Que nous disent les 20 000 baptisés de Pâques ?

Dans la nuit de Pâques, plus de 20 000 adultes et adolescents ont été baptisés en France, dont 2 à Chaville. La Conférence des évêques de France fait régulièrement des enquêtes pour mieux connaitre et comprendre ces personnes et ainsi mieux les accueillir. Dans l’enquête de cette année, je vous propose de retenir quelques points qui peuvent plus directement concerner, ou interpeller, notre paroisse :

v40% des néophytes identifient « une épreuve de la vie comme point de départ d’une quête de sens » pour laquelle ils ont trouvé une réponse dans la foi catholique.

Je retiens de ce chiffre l’importance des relations interpersonnelles et du témoignage que nous portons de l’espérance qui nait de notre foi : si le Christ est bien ressuscité, alors notre vie a un sens, nous sommes libérés de la tentation de l’absurde, du nihilisme. Et si nous ne sommes évidemment pas plus épargnés par la souffrance que les autres, nous avons cependant de bonnes raisons de croire qu’elle n’aura pas le dernier mot. Quelle espérance magnifique portons-nous ! Quel devoir immense avons-nous aussi d’en témoigner, et pour cela de prendre les moyens de rendre notre témoignage audible et compréhensible ! J’ai parfois l’impression que nous souffrons du syndrome d’Obelix, peu conscients du trésor que nous portons par notre foi…

vPrès d’un tiers a « vécu une expérience spirituelle forte ».

Cela dit l’importance, d’une part, que nous sachions proposer des temps de prière, des liturgies, variées et de qualité.

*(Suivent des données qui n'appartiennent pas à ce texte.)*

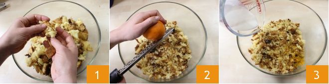 Para preparar las trufas de pandoro al chocolate, desmenuza el pandoro con las manos 1, añade la cáscara rallada de una naranja no tratada 2 y la nata líquida 3.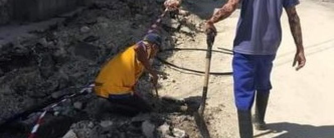 Brigada de la Base Acueducto Este trabaja en la reparación de acometidas en calle Perdomo y Tejedor, municipio Regla

Et d’autre part, que nous sachions inviter et accompagner les non-chrétiens de notre entourage à venir vivre ces temps spirituels avec nous : inviter ne dérange pas ; cela ouvre une perspective.

v23% partagent qu’un élément déclencheur de leur cheminement de foi a été « l’émotion provoquée par la beauté d’un lieu de culte ».

J’en retiens l’importance essentielle de cultiver le beau dans nos églises et dans nos liturgies, et de nous en donner les moyens : rendre nos églises toujours plus belles et pas seulement fonctionnelles ; donner toute sa place à l’art – y compris au meilleur des créations contemporaines ; se soucier du fait que nos églises soient propres, bien rangées, accueillantes, accessibles, bien fleuries…

Occasion pour moi de rendre grâce pour toutes personnes qui s’engagent pour cela, avec une grande générosité de cœur et beaucoup de savoir-faire !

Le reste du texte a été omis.